My heart was beating out of my chest, I literally thought I was going to die of a freaking anxiety attack in the Molenvleit cold room. The engaged one lay peacefully soaking up the morning sunshine, blissfully unaware, while she waited for her curls to set. The Swiss Meringue Buttercream was now slowly splitting and turning to oily mush in my newly manicured hands. SHIT. The fact that my curls were now being set in vanilla mousse was beside the point!
The 5 tier madame stood, smugly, on top of the pile of Champagne boxes (The Cake Boss would be horrified) and waited, impatiently, for the richness of the once satin icing to be draped over her buxom body.

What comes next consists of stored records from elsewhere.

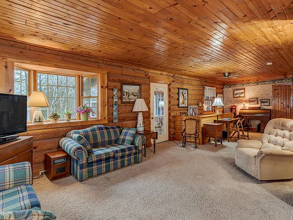 This Log home sitting on almost 60 acres, is just one egress window away from being a 4 bedroom home. This rustic home features a wood burner, 3 season porch, and a large pole barn.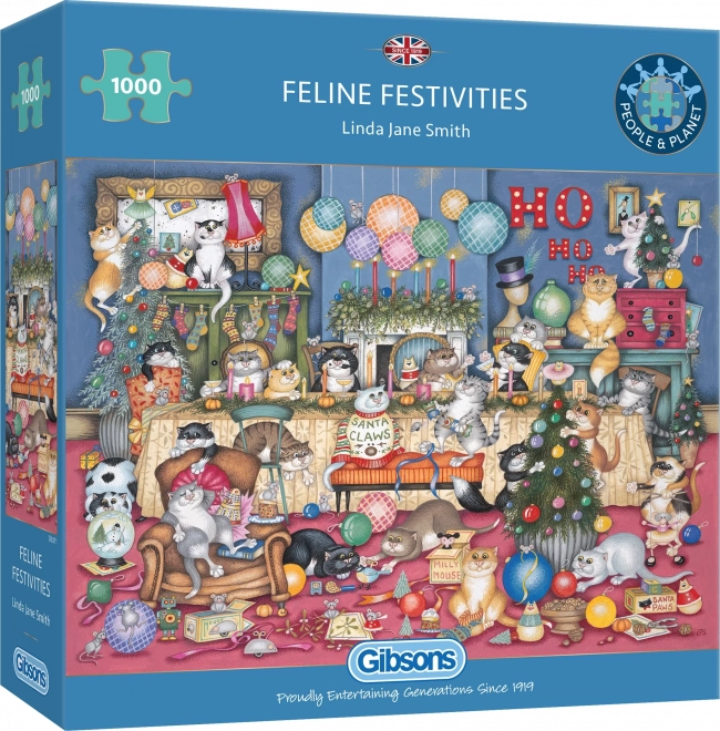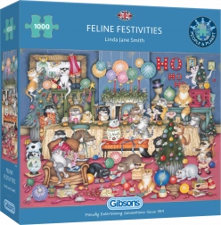 GIBSONS Puzzle Fêtes félines réjouira tous les amoureux des chats. Ce puzzle contient 1000 pièces qui composent ensemble une scène féline éblouissante.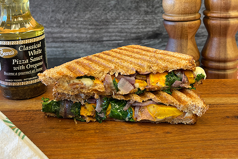 This isn’t your average grilled cheese. We added sweet potatoes roasted with Beano’s White Pizza Sauce with Oregano, caramelized onions, and kale to make a tasty twist on the classic grilled cheese.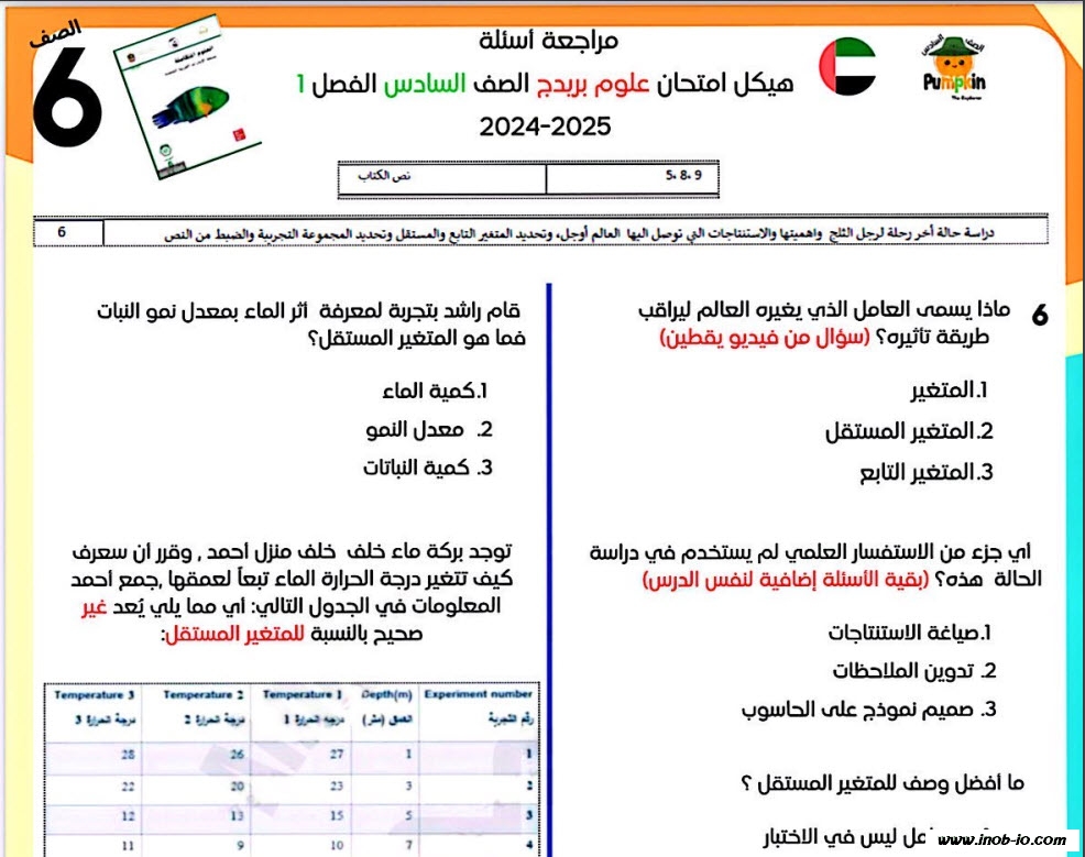 الجزء الالكتروني :. مراجعة أسئلة هيكل امتحان مادة العلوم المتكاملة بريدج الصف السادس الفصل الاول 2024-2025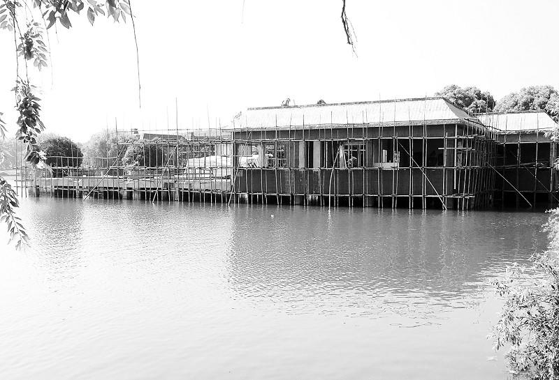 附近桥梁社区居民介绍,此处水上平台建筑,十余年前施工时就因无手续被执法部门叫停。不料,在严控违建的今天,违建平台上竟然搭起了房子。现在工人介绍,他们于今年4月前来施工,除对原有结构进行修缮外,还在平台上搭建建筑物。记者见到,水上平台上堆有角钢,搭建的七八间房屋已初具雏形(如图)。现场工人称,准备建一个“露天游泳池”。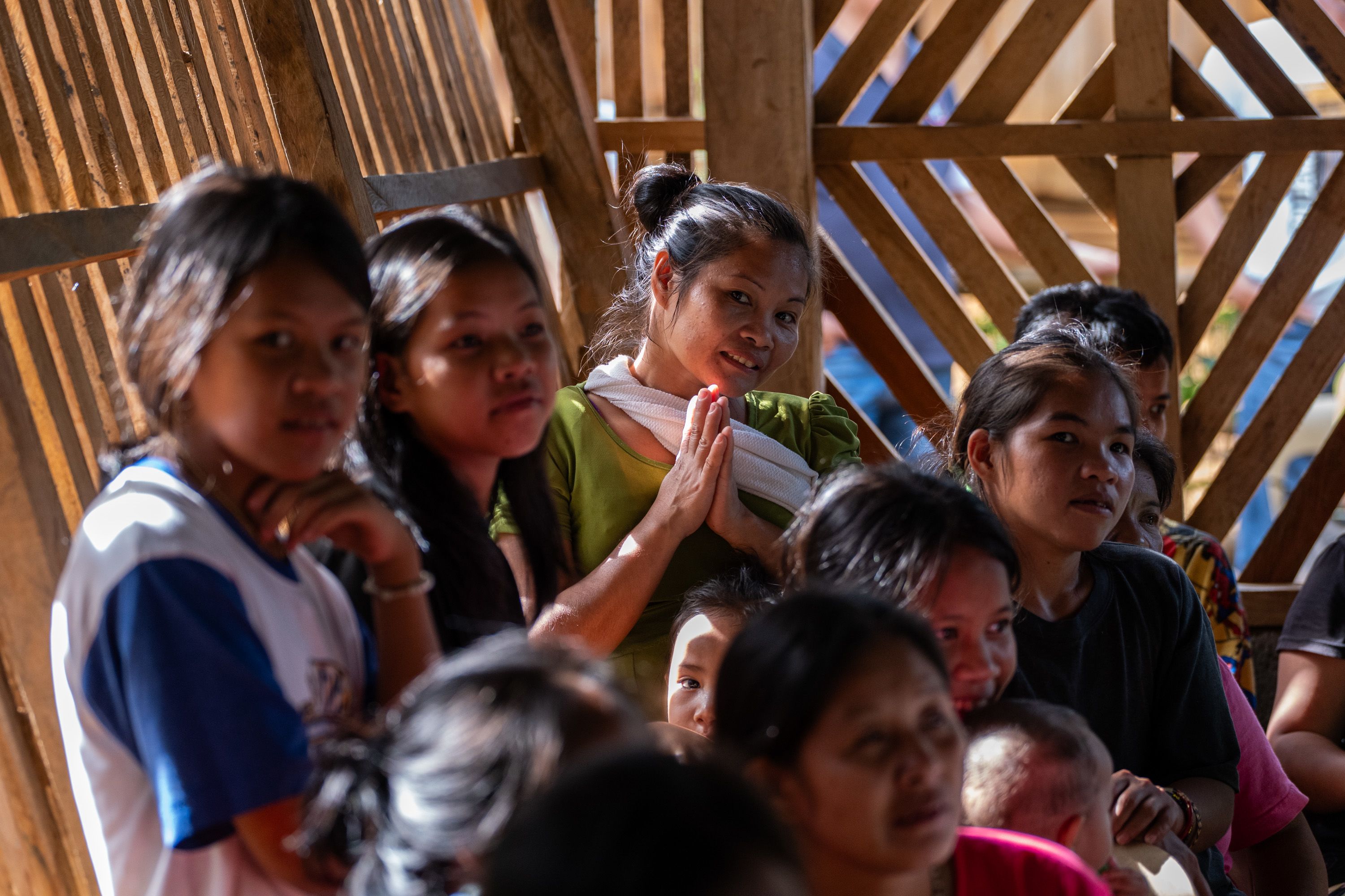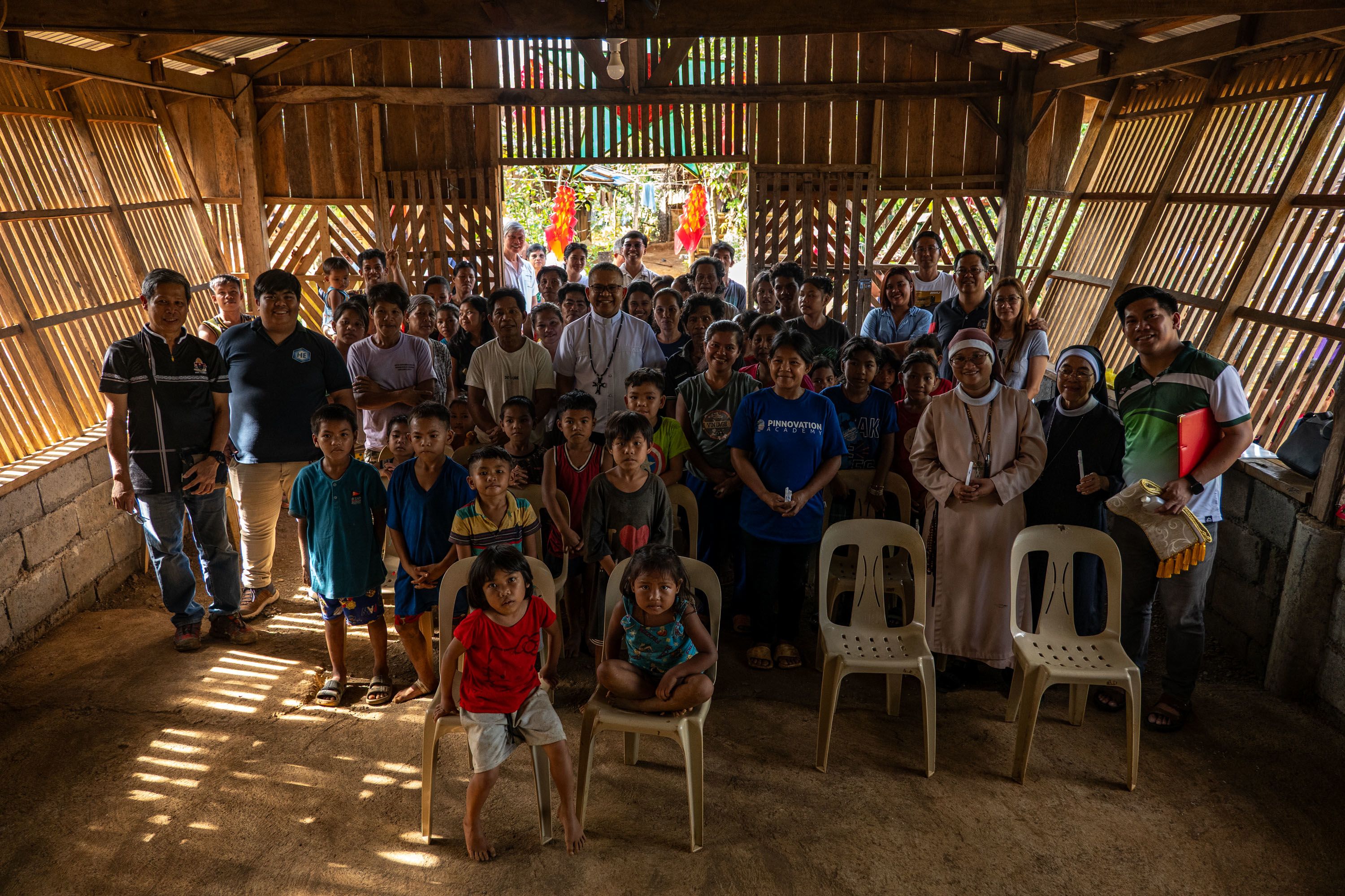 Members of the Mangyan-Tadyawan community, including children and elders, gather inside a village hall during a blessing and community activity marking the installation of a solar power system in a remote area of Victoria, Oriental Mindoro. The event brought together families, Church workers, and partners supporting access to clean and reliable electricity in off-grid Indigenous communities.

I had every intention of arriving on the big day,sandwiching the glorious chiffon layers together, adorning this little bridezilla in her velvet soft gown, tucking her lacy flowers behind her ear and sending her off with a slap on her vanilla flavoured bottom. I actually had a little laugh looking back at my naivete.
I never planned on it being about a thousand degrees in the shade, something that
the most temperamental icing on earth Swiss Meringue Buttercream absolutely hates! My final hour saw me crouched over in the Molenvliet cold room, icicles forming on my flared nostrils, frantically wielding my little spatula at anyone who dared open the door and upset the temperature of my operation. Hands shaking from fear that maybe I had bitten off more than I could chew, I could almost picture the Married one's face as her cake, was wheeled in starkers- I decided that this would not be an option. Like a bride possessed, I whipped that the most temperamental icing on earth Swiss Meringue Buttercream until every one of my new pilates muscles (thanks Max) was on fire and my icing had returned to its former, dreamy glory! By now my curls were hanging somewhere around my ankles! Slowly but surely my frantic mother and I draped that rich little cow into her lacy gown, gasping as we finally took a step back, stunned by the beauty that was my home made creation.